In a dichotomous case-control study, when testing the main genetic effect on case-control status, usually the case-control designation is permuted across subjects; these methods are now standard with GWAS software (e.g., PLINK release v1·03 (Purcell et al., 2007
)). However, for quantitative trait interactions it is not clear if the QT measure (Y
) should be permuted, and what level of randomization (full, reduced, or constrained) is required. If the significance of an interaction term between SNP and diagnosis is being assessed, for example, the method may permute residuals for that term rather than the original raw data. Depending on the precise factorial design, full permutation may not be used, but rather permutation within exchangeable units within the design (for more detail on these issues, see for example (Manly, 1997
); (Anderson & Ter Braak, 2002
; Jung, Jhun, & Song, 2006
With the increasing interest about the identification of improved multiple testing procedures for GWAS, we suggest a possible strategy to modify the existing non-parametric inferential procedures in order to fit the interaction event statistical assumptions.. For illustrative purposes we propose to randomly select a sample of SNPs (e.g. say 1% or 5,000 of the 500,000 SNPs in the GWAS) and perform the permutation tests 1,000 times for each of the 5,000 SNPs creating a set of 5 million interaction p values, representing a null distribution for a random sample of SNPs in the GWAS. From this null distribution, the top 5% or 1% empirical threshold p-value can be set as an empirically determined, genome-wide threshold. The number of SNPs and permutations required to achieve the desire power will depend on sample size. This combines the strength of the permutation testing method with the GWAS data to determine an underlying null distribution for the full GWAS (see Weinberger presentation to Psych Gen NYC 2008).

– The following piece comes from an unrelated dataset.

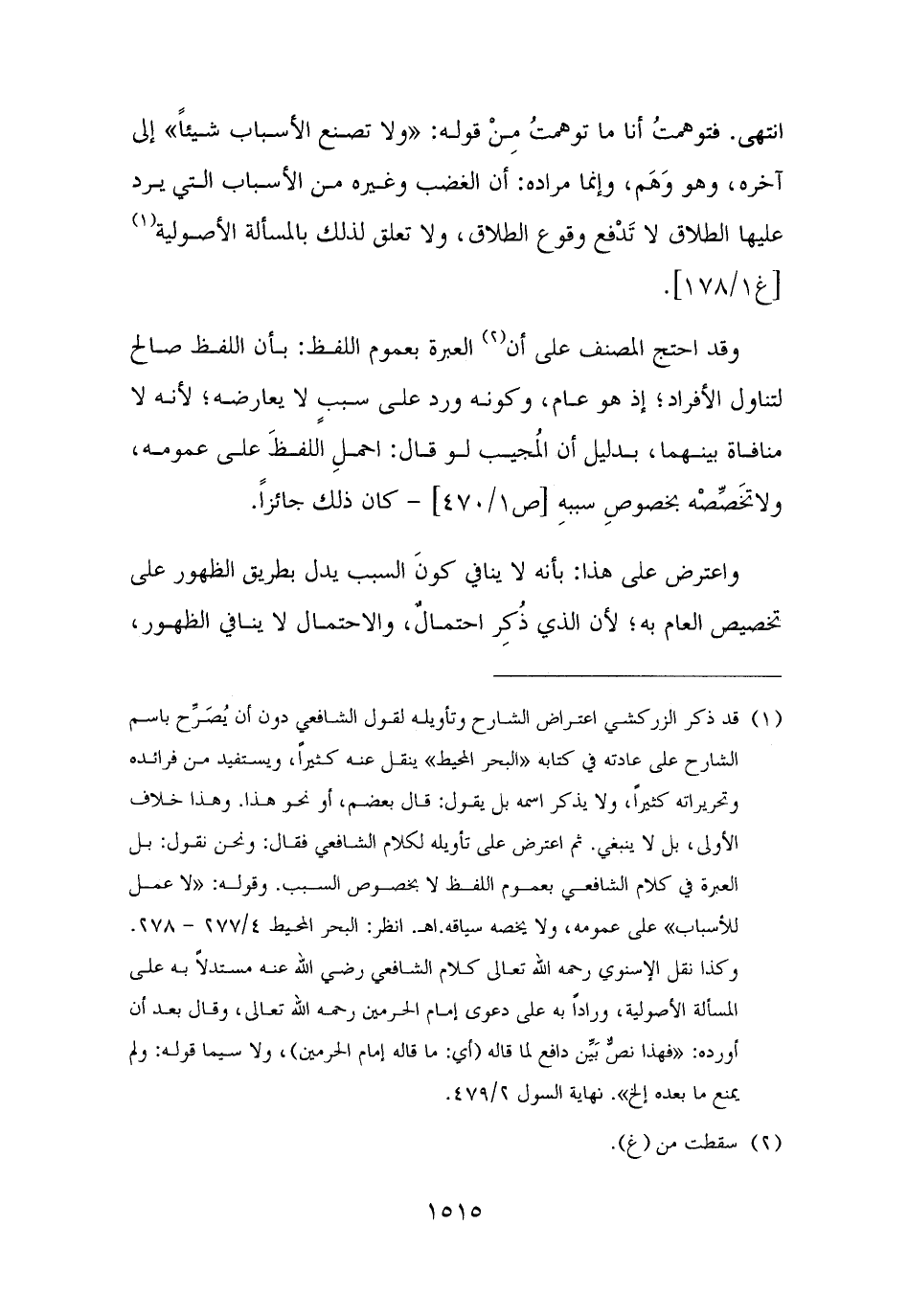(¬١) قد ذكر الزركشي اعتراض الشارح وتأويله لقول الشافعي دون أن يُصَرِّح باسم الشارح على عادته في كتابه "البحر المحيط" ينقل عنه كثيرًا، ويستفيد من فرائده وتحريراته كثيرًا، ولا يذكر اسمه بل يقول: قال بعضم، أو نحو هذا. وهذا خلاف الأولى، بل لا ينبغي. ثم اعترض على تأويله لكلام الشافعي فقال: ونحن نقول: بل العبرة في كلام الشافعي بعموم اللفظ لا بخصوص السبب. وقوله: "لا عمل للأسباب" على عمومه، ولا يخصه سياقه. اهـ. انظر: البحر المحيط ٤/ ٢٧٧ - ٢٧٨. وكذا نقل الإسنوي رحمه الله تعالى كلام الشافعي رضى الله عنه مستدلًا به على المسألة الأصولية، ورادًا به على دعوى إمام الحرمين رحمه الله تعالى، وقال بعد أن أورده: "فهذا نصٌّ بَيِّن دافع لما قاله (أي: ما قاله إمام الحرمين)، ولا سيما قوله: ولم يمنع ما بعده إلخ". نهاية السول ٢/ ٤٧٩.

Additional SNPs in the same region
Combinations of SNPs can also be considered, through various “haplotype-based” approaches (Seasholtz et al., 2006
), though that has not been applied to a GWAS with a QT. The greater the number of significant tagging SNPs in proximity to one another, the smaller is the likelihood of a finding being a false positive. As chromosomal regions rather than individual SNPs represent the inherited units into which am inherited genome can be partitioned, finding several significant tagging SNPs in physical proximity provide additional support for the locus being a true risk factor. The focus on tagging SNPs is critical, since we already know that adjacent SNPs are more likely to be in greater linkage disequilibrium and hence finding many close SNPs significant may not be particularly relevant since they share the same meaning. Haplotype approaches may also be able to capture effects in SNPs which are rare, in the 1–5% range (de Bakker et al., 2005
; Kamatani et al., 2004
; Lin, Chakravarti, & Cutler, 2004
). The haplotype approach known as the “sliding window” (Fallin & Schork, 2000
) can be used to detect the effects of rare alleles, using the extended block method of Purcell (Purcell et al., 2007
). A complete catalogue of all the low frequency SNPs and CNVs discovered will improve pinpointing genes, structural variants in chromosomes and other individual genomic variations that are associated with disease.